> [TASK TO COMPLETE]: Emit a verbatim copy of the lines below from the line with "鉴别特征:体长约25 cm,体形中等的秧" through the line with "综上所算:什么都选最便宜的,算下来地暖成", excluding pictures and everything outside that range.

(Beginning of DATA RECORDS)

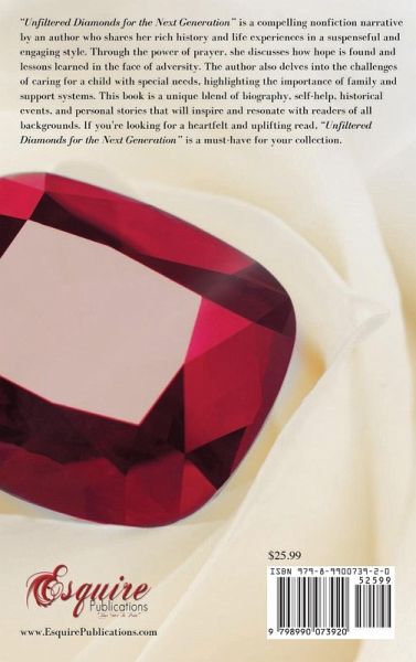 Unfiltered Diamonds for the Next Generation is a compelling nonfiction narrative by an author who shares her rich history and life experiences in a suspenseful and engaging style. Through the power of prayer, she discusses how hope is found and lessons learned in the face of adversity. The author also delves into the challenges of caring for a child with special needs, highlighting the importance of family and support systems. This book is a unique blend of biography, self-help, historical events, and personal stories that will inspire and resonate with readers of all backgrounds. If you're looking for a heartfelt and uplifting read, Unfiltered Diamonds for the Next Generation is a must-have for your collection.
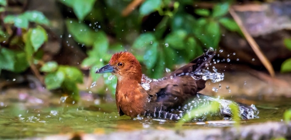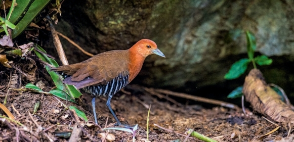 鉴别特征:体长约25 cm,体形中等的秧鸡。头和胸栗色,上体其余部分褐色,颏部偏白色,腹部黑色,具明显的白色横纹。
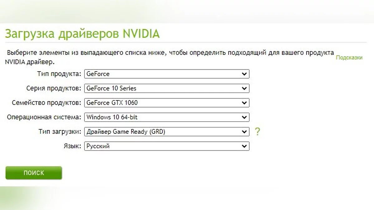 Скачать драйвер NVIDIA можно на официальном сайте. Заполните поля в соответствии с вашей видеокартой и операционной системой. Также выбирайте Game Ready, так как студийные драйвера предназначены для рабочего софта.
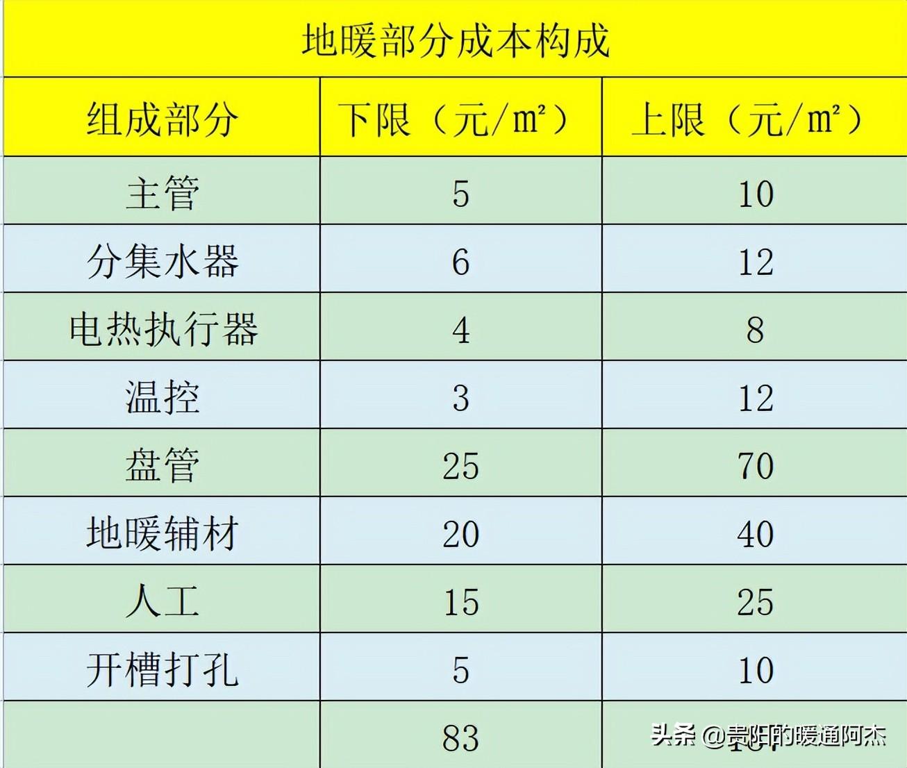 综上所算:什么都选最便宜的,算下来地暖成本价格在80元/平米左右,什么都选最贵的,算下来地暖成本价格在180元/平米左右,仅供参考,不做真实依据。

(End of DATA RECORDS)
(Beginning of DATA RECORDS)

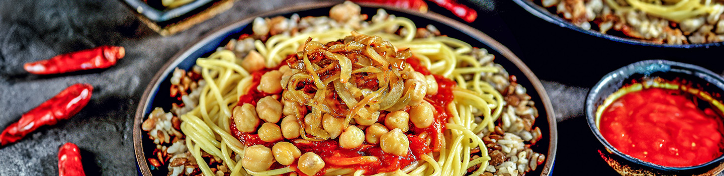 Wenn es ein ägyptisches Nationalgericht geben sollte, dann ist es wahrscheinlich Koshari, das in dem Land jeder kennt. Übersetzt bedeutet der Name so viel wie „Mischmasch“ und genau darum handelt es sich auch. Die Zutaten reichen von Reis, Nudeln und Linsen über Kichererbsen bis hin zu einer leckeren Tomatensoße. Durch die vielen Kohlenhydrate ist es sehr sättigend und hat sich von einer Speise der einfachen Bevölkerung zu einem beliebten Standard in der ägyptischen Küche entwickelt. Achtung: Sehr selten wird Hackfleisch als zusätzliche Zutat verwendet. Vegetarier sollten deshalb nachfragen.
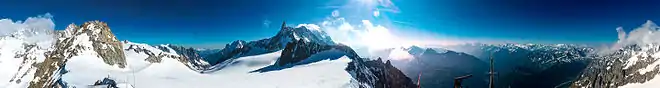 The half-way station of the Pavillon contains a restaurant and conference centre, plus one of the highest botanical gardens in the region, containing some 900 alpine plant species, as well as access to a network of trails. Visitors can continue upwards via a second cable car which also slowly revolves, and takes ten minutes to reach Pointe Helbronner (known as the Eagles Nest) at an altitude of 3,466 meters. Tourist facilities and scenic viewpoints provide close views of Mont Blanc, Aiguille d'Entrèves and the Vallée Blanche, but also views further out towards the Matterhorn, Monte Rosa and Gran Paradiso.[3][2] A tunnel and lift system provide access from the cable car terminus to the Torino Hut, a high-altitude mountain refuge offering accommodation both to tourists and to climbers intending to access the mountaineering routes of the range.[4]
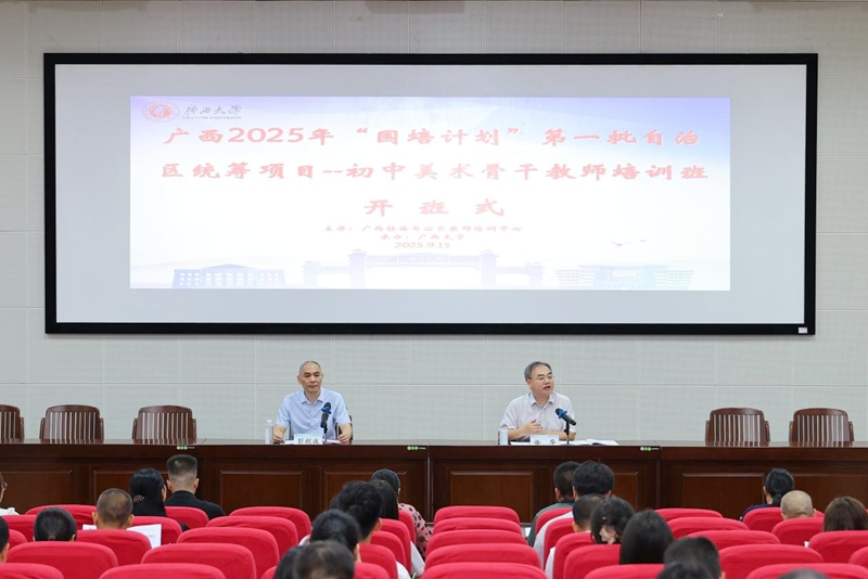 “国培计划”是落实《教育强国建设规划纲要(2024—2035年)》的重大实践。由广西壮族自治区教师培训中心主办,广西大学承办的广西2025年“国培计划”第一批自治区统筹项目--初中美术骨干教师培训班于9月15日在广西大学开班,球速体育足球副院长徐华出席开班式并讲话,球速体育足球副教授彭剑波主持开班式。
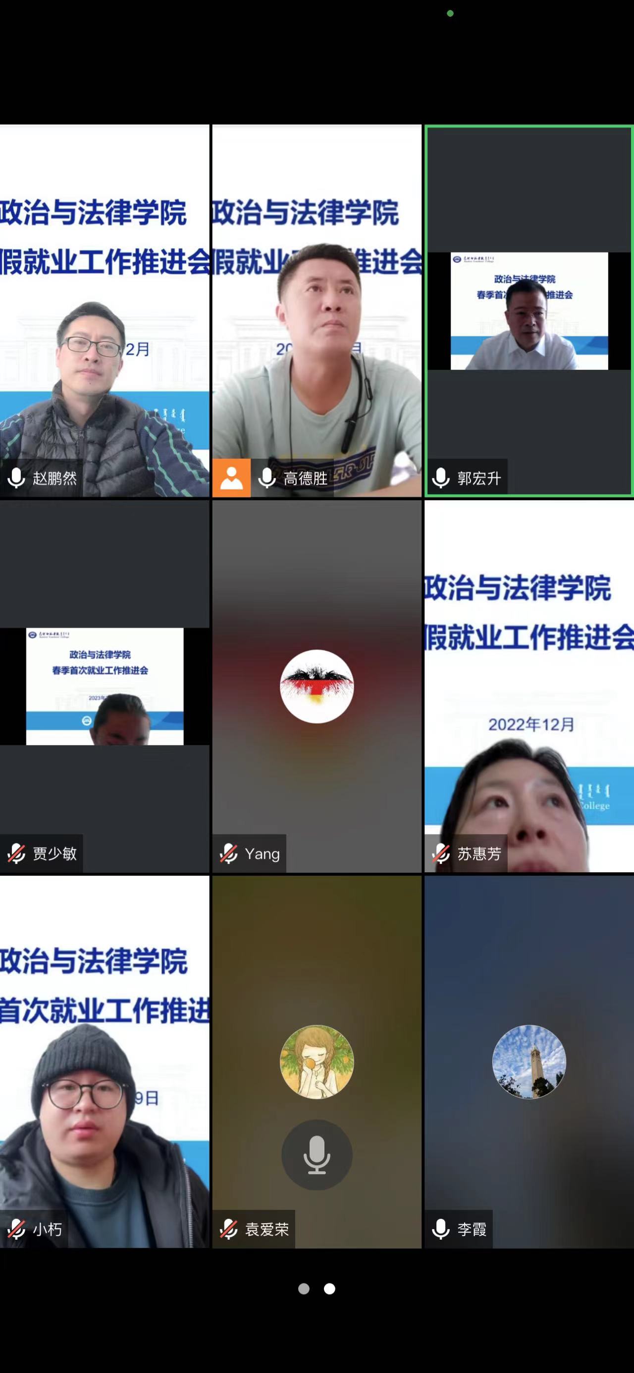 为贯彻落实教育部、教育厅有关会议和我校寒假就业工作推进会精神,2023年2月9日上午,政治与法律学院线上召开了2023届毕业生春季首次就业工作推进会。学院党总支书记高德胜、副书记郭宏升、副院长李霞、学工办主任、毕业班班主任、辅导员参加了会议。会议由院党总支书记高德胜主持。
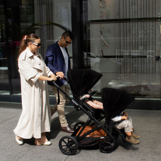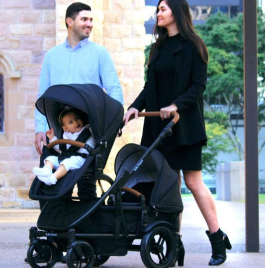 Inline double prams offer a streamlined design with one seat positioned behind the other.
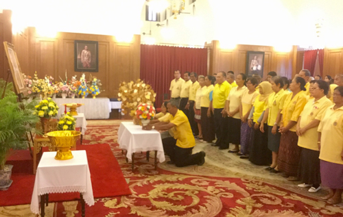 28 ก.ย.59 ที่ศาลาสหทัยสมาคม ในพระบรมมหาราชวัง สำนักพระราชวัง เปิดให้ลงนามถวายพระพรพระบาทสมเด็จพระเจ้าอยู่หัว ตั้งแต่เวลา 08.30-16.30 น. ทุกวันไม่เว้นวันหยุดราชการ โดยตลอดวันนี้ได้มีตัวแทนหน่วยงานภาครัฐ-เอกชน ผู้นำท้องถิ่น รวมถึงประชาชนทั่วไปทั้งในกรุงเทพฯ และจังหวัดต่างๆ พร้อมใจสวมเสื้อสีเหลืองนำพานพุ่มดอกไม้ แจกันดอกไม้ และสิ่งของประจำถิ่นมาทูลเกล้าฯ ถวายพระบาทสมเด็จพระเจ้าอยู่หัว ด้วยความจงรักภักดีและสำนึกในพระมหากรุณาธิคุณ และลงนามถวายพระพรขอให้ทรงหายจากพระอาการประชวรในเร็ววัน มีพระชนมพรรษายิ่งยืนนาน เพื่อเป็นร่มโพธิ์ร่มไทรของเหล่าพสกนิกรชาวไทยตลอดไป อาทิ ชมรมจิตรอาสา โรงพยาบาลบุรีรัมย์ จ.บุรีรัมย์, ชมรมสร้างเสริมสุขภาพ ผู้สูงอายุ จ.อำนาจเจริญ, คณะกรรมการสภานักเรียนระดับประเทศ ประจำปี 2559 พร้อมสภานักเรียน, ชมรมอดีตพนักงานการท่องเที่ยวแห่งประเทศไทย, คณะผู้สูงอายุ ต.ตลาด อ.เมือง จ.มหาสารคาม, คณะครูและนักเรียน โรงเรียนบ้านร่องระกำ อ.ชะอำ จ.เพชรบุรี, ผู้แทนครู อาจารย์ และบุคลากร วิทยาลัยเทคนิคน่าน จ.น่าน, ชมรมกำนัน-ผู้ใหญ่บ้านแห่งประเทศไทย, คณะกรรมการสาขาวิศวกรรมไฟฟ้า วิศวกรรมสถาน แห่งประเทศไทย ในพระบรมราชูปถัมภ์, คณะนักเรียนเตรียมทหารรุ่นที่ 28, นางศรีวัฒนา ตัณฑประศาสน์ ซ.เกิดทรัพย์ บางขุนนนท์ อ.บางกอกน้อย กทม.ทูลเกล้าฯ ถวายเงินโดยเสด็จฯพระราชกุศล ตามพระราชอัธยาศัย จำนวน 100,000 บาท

(End of DATA RECORDS)

> [SOLUTION TO THIS TASK]:
 鉴别特征:体长约25 cm,体形中等的秧鸡。头和胸栗色,上体其余部分褐色,颏部偏白色,腹部黑色,具明显的白色横纹。
 Скачать драйвер NVIDIA можно на официальном сайте. Заполните поля в соответствии с вашей видеокартой и операционной системой. Также выбирайте Game Ready, так как студийные драйвера предназначены для рабочего софта.
 综上所算:什么都选最便宜的,算下来地暖成本价格在80元/平米左右,什么都选最贵的,算下来地暖成本价格在180元/平米左右,仅供参考,不做真实依据。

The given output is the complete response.